Images for this exhibition
The Minimal = More exhibition held at the Gemeentemuseum earlier this year included a 2002 work entitled Coded Language, Hardliner by German artist Frank Gerritz (b. Hamburg, 1964). Gerritz is a member of a younger generation of artists who have adopted the Minimal Art philosophy and taken it further. Coded Language, Hardliner is part of a series of Minimalist drawings made with black paintstick on anodised aluminium sheets. Gerritz has been working on this series for more than a decade. He has now designed an installation for the Projects Gallery at the Gemeentemuseum using a selection of his works to enter into a dialogue with the marvellous Berlage architecture of this outstanding exhibition space.
Frank Gerritz’s imposing works occupy a grey area somewhere between sculpture and painting. Like his older Minimal Art colleague Richard Serra, he concentrates primarily on drawing but sees himself as a sculptor. Sculptural aspects like matter and space therefore play a major role in his work. The thick, black paint he applies to the aluminium sheets looks both velvety and crude and industrial. Thanks to an ingenious hanging system, the sheets appear to float clear of the wall. The installation owes its power to the tension created by the multiple contrasts between light and dark, treated and untreated surfaces, and inflexible factory-made metal and flexible human hand.
Frank Gerritz trained in Hamburg, where he was part of the same generation and punk scene as Daniel Richter. That history is less surprising in Richter’s case, considering the expressive nature of his paintings, on show in the GEM as recently as 2008. It is more surprising in the case of Frank Gerritz, with his severely reduced and analytical visual idiom. However, that shared past is still reflected in the unremitting roar of hard rock and punk music that accompanies his entire working life in the studio. With that soundtrack in mind, his uncompromisingly aesthetic and apparently serene works suddenly assume a different and more dynamic charge.
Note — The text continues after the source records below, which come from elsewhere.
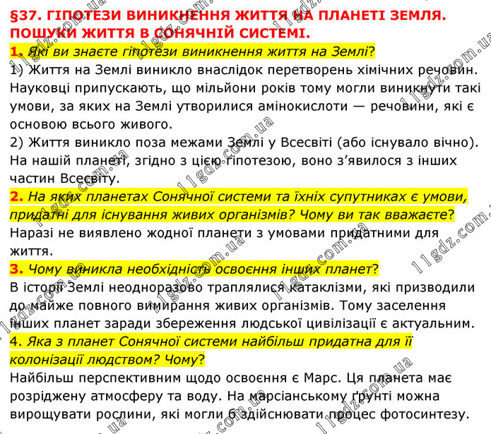 Перевірте себе 1. Наявність якої речовини на планеті може свідчити про існування на ній життя? б) води. 2. Яка планета є найбільш перспективною щодо її освоєння? г) Марс. 3. Яку планету вважали близнючкою Землі? а) Венеру. 1. Що ви знаєте про зникнення динозаврів 65 мільйонів років тому? Використовуючи інтернет–джерела, підготуйте коротке повідомлення про їхнє життя та зникнення. Масове вимирання динозаврів (та багатьох інших видів тварин і рослин) відбулося наприкінці крейдового періоду 65,5 млн років тому і мало стрімкий характер. За останніми науковими дослідженнями, це сталося внаслідок падіння гігантського астероїда, діаметром у 15 кілометрів. Кратер, утворений після падіння, був знайдений на території сучасної Мексики. Енергія удару астероїда об Землю в мільярд разів перевищувала енергію вибуху атомної бомби над Хіросімою.
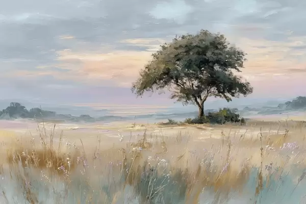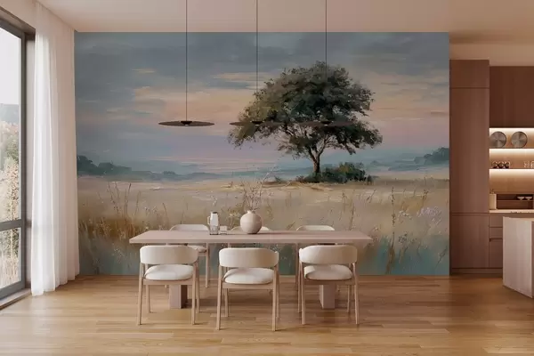 Тапете за зид дрво усред поља у стилу уљаног сликарства бр. w04206
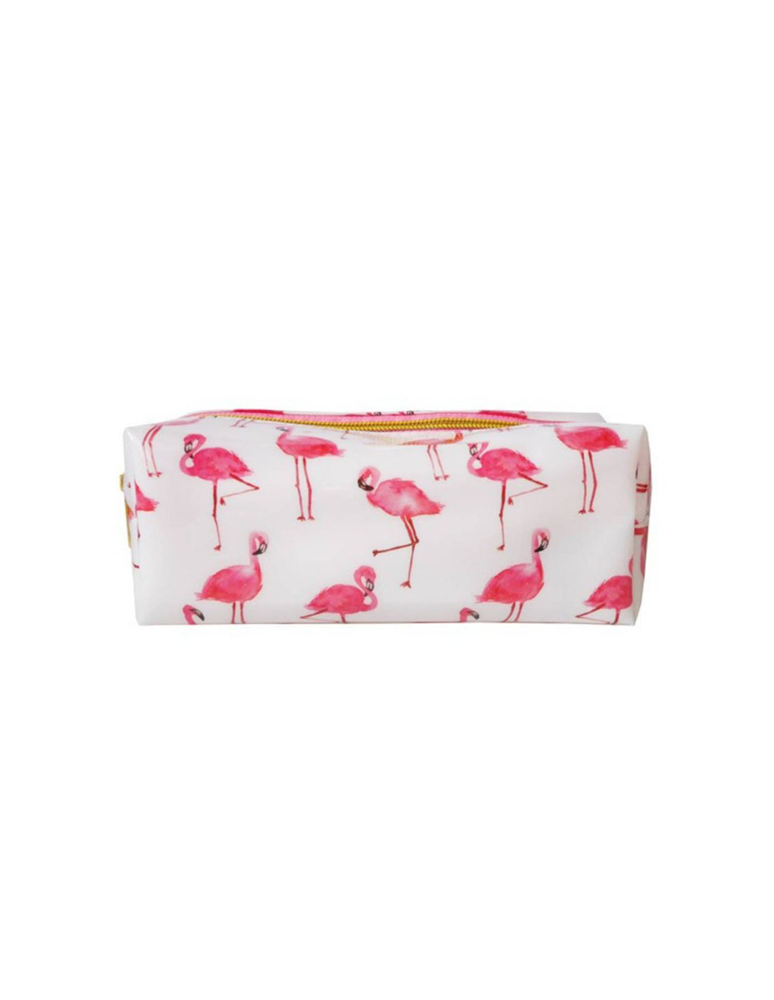 Piórnik szkolny w kolorzebiało-różowym z grafikami przedstawiającymi flamingi.
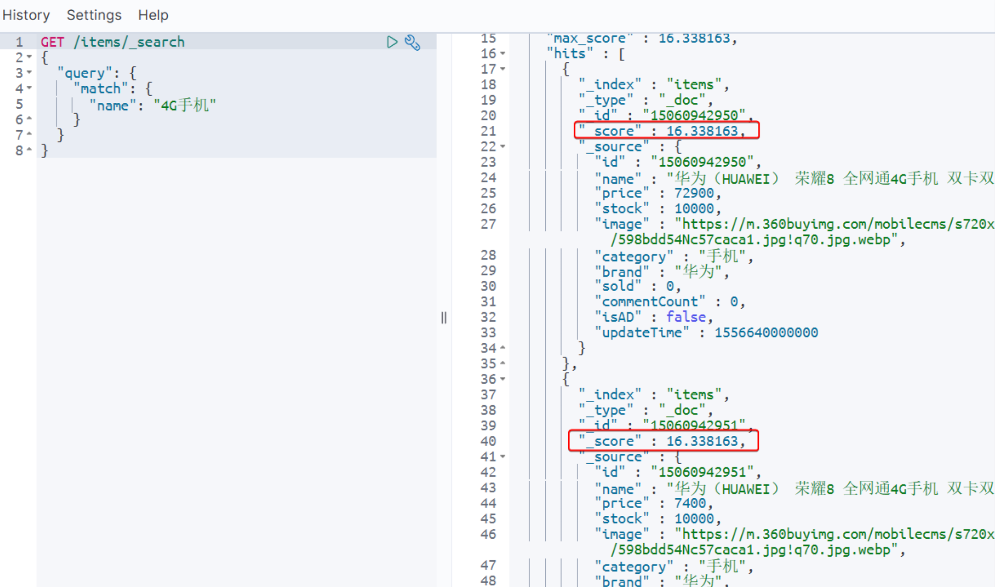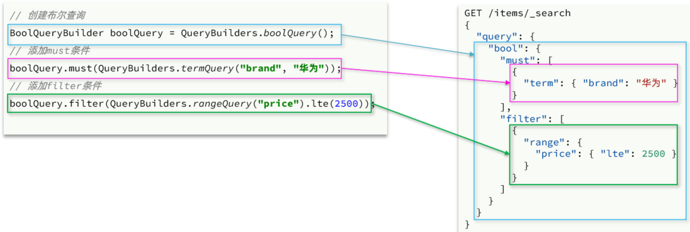 GET /items/_search { "query": { "bool": { "must": [ {"match": {"name": "手机"}} ], "filter": [ {"term": {"brand": { "value": "华为" }}}, {"range": {"price": {"gte": 90000, "lt": 159900}}} ] } } }
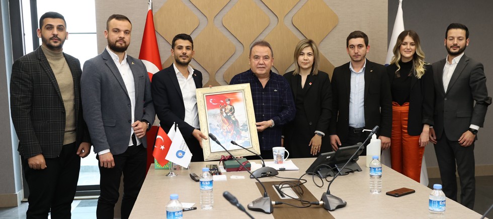 Antalya Büyükşehir Belediye Başkanı Muhittin Böcek makamında gençleri ağırladı. CHP Alanya Gençlik Kolları Başkanı Birkan Ceylan ve yönetimi Başkan Böcek’i ziyaret etti.
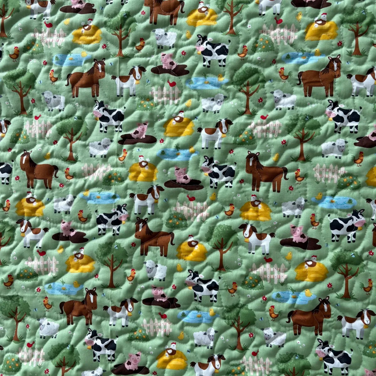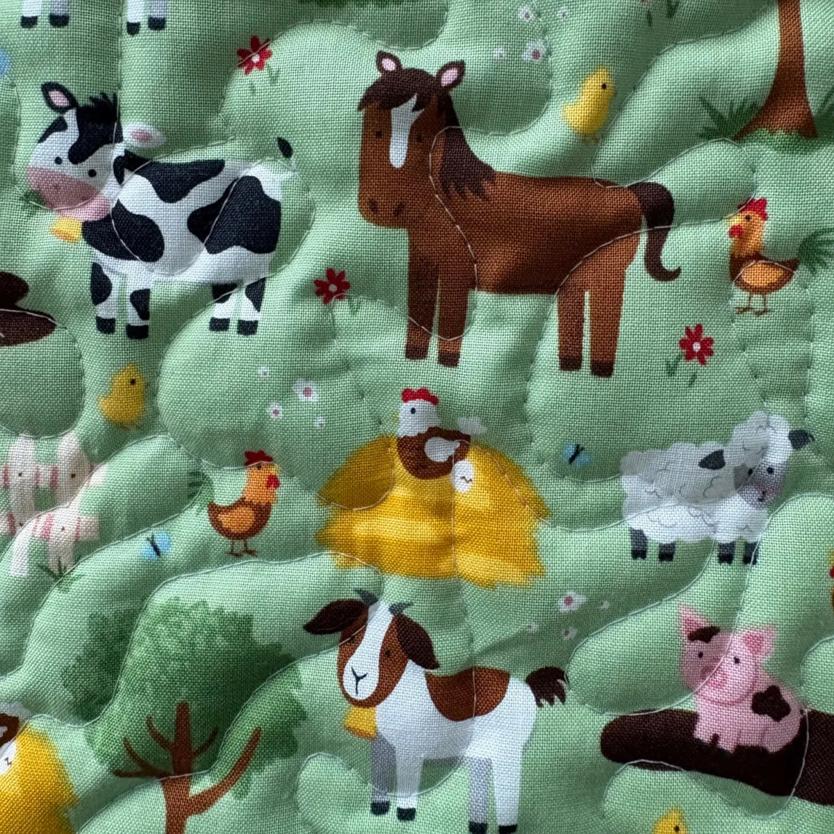 Notice the soft flannel and gentle stitching on the Farm Animal Friends Playmat.

Perhaps this also indicates a difference between the younger generation of Minimal Art practitioners and their predecessors: the physical aspect of the working process has once again come to play an important role. The same is true of the sensory impact of their art on the museum visitor: the monumental size of their geometrical compositions gives the work a spatial effect. Entering the Projects Gallery, the presence of the installation has an immediate physical impact.
Frank Gerritz’s work is represented in a number of major collections, particularly in Germany and the US. Late last year, it was the subject of a large-scale retrospective at the Neues Museum Weserburg in Bremen. The lavishly illustrated catalogue published on that occasion will be on sale now in the Gemeentemuseum shop.